EXERCISE DESCRIPTION - Would you print the lines below exactly, beginning at the line that has "lauson CP441 - Maintenance" and stopping after the line that has "The interface organizes"? Only those lines, and no pictures.

DATA FOR THIS TASK -
_____

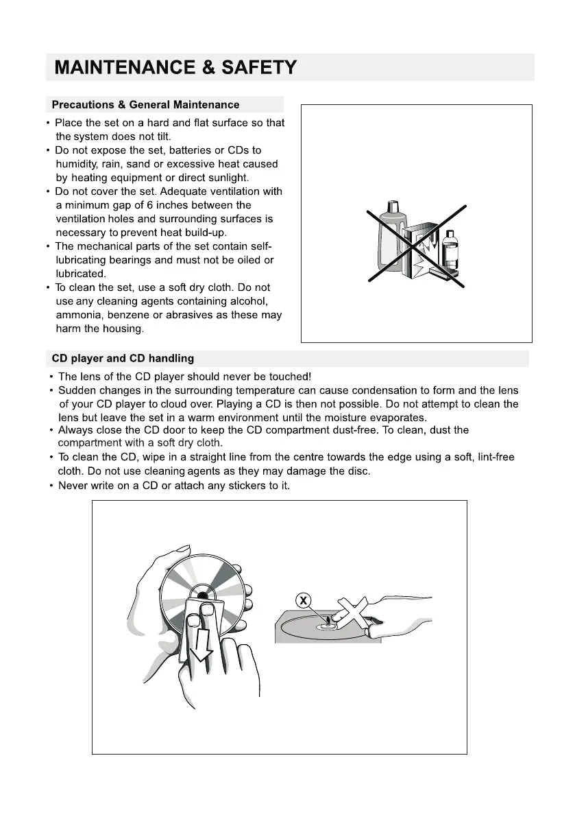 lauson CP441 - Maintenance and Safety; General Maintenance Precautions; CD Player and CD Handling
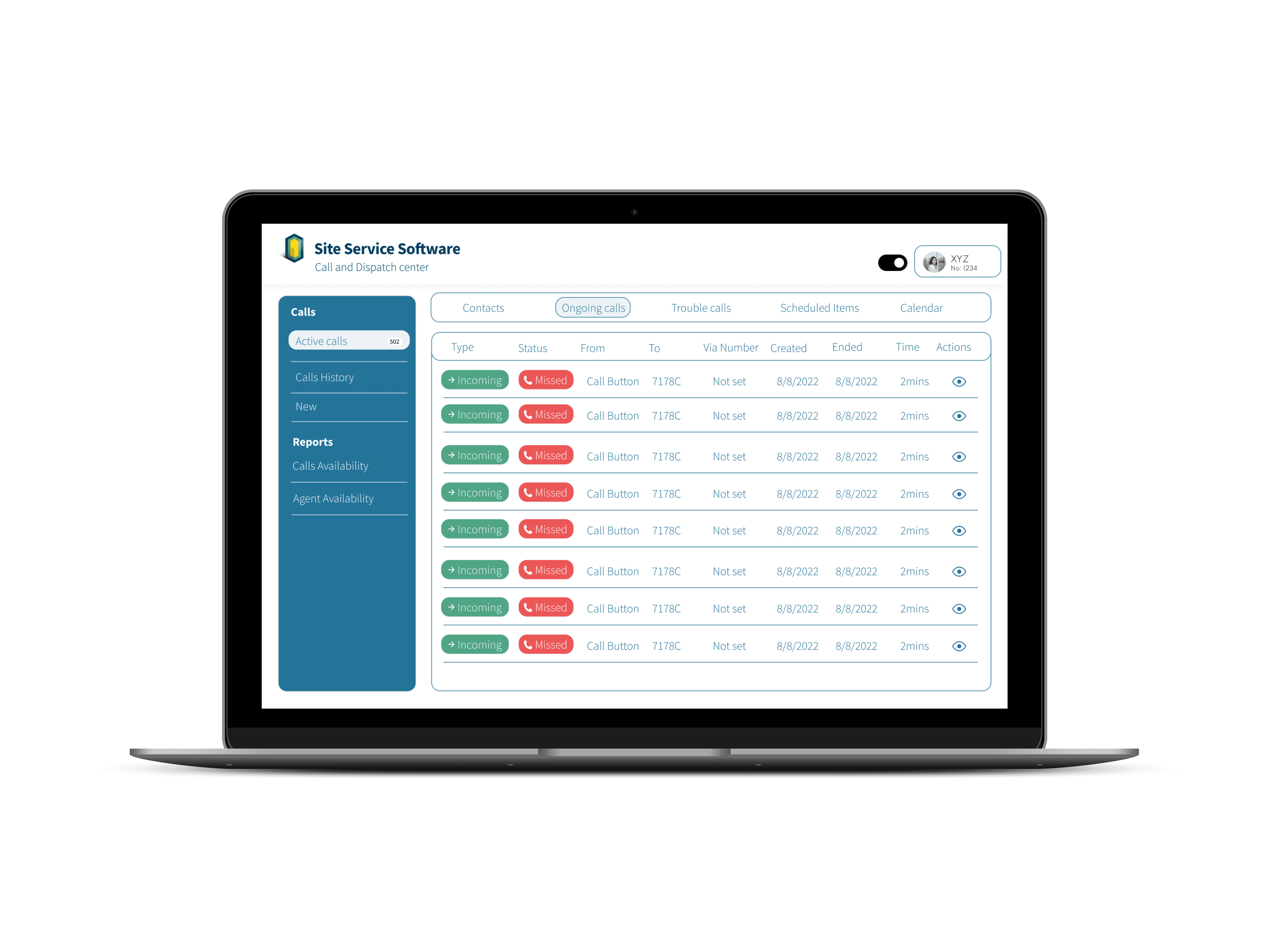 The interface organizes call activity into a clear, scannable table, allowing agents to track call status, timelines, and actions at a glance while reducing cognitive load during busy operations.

_____

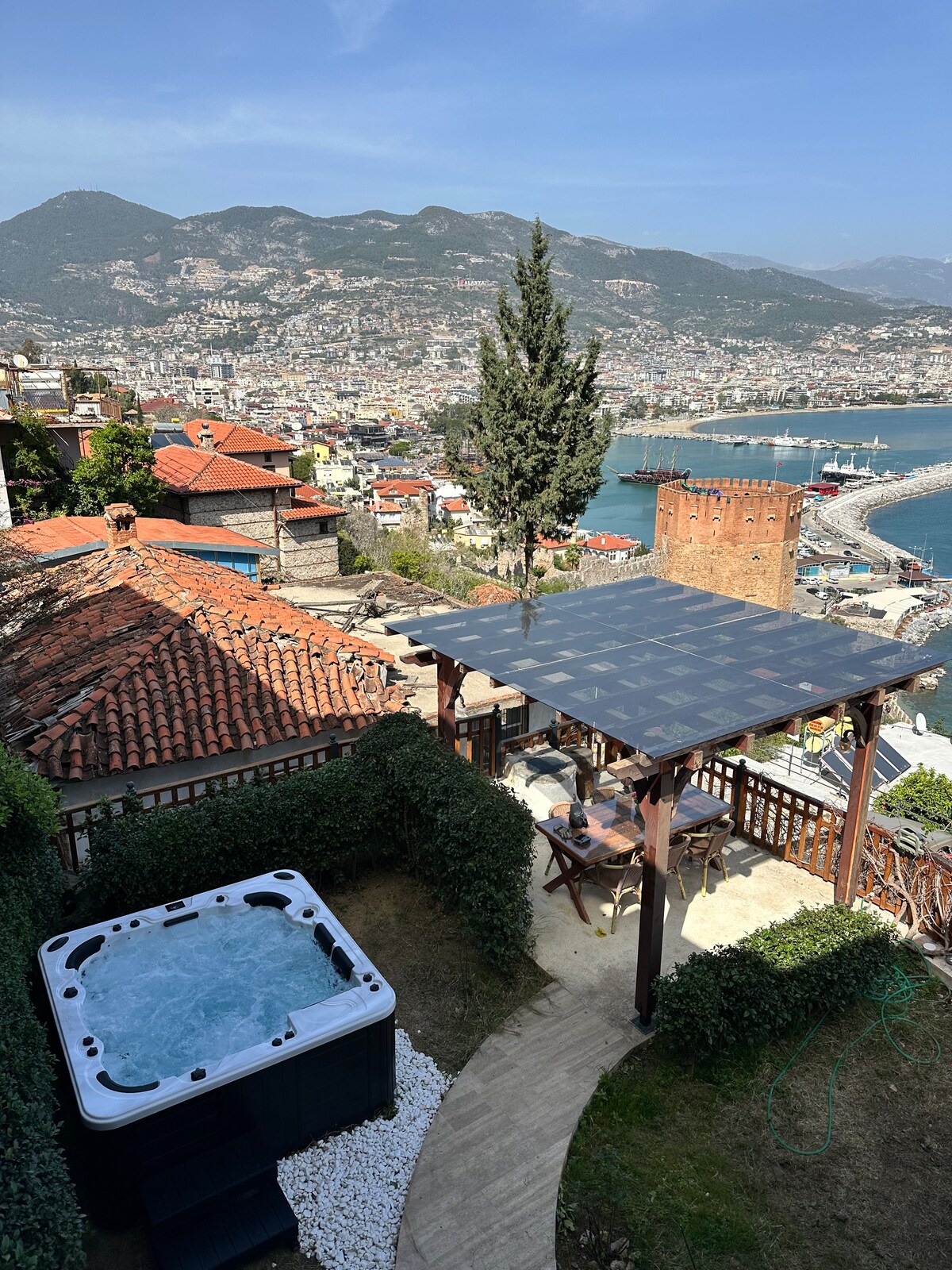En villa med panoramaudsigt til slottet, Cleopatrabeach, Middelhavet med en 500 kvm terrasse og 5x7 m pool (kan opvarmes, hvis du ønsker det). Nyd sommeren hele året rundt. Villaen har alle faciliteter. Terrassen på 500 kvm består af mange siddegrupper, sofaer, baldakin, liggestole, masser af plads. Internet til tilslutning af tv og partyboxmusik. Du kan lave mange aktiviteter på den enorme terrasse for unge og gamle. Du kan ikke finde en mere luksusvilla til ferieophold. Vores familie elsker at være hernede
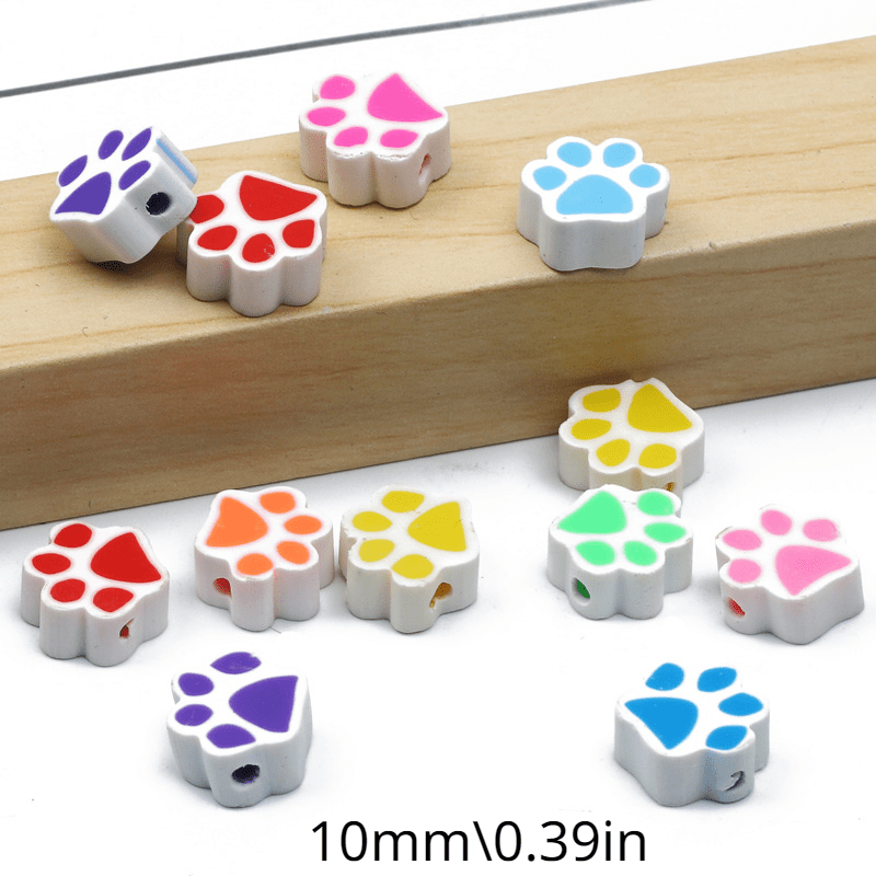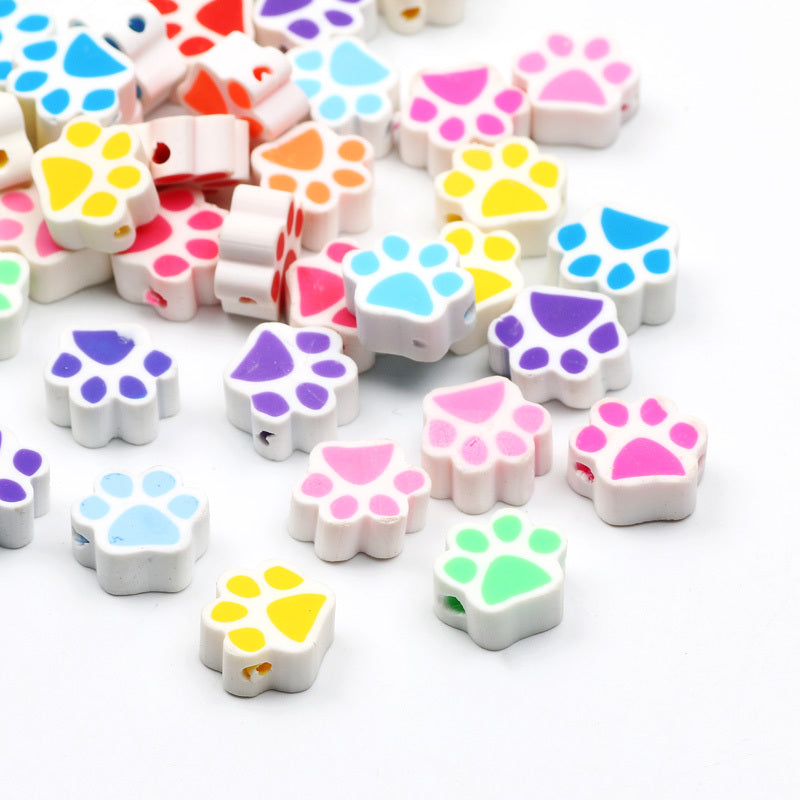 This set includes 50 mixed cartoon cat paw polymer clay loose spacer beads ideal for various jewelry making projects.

_____

WRITTEN REPLY -
 lauson CP441 - Maintenance and Safety; General Maintenance Precautions; CD Player and CD Handling
 The interface organizes call activity into a clear, scannable table, allowing agents to track call status, timelines, and actions at a glance while reducing cognitive load during busy operations.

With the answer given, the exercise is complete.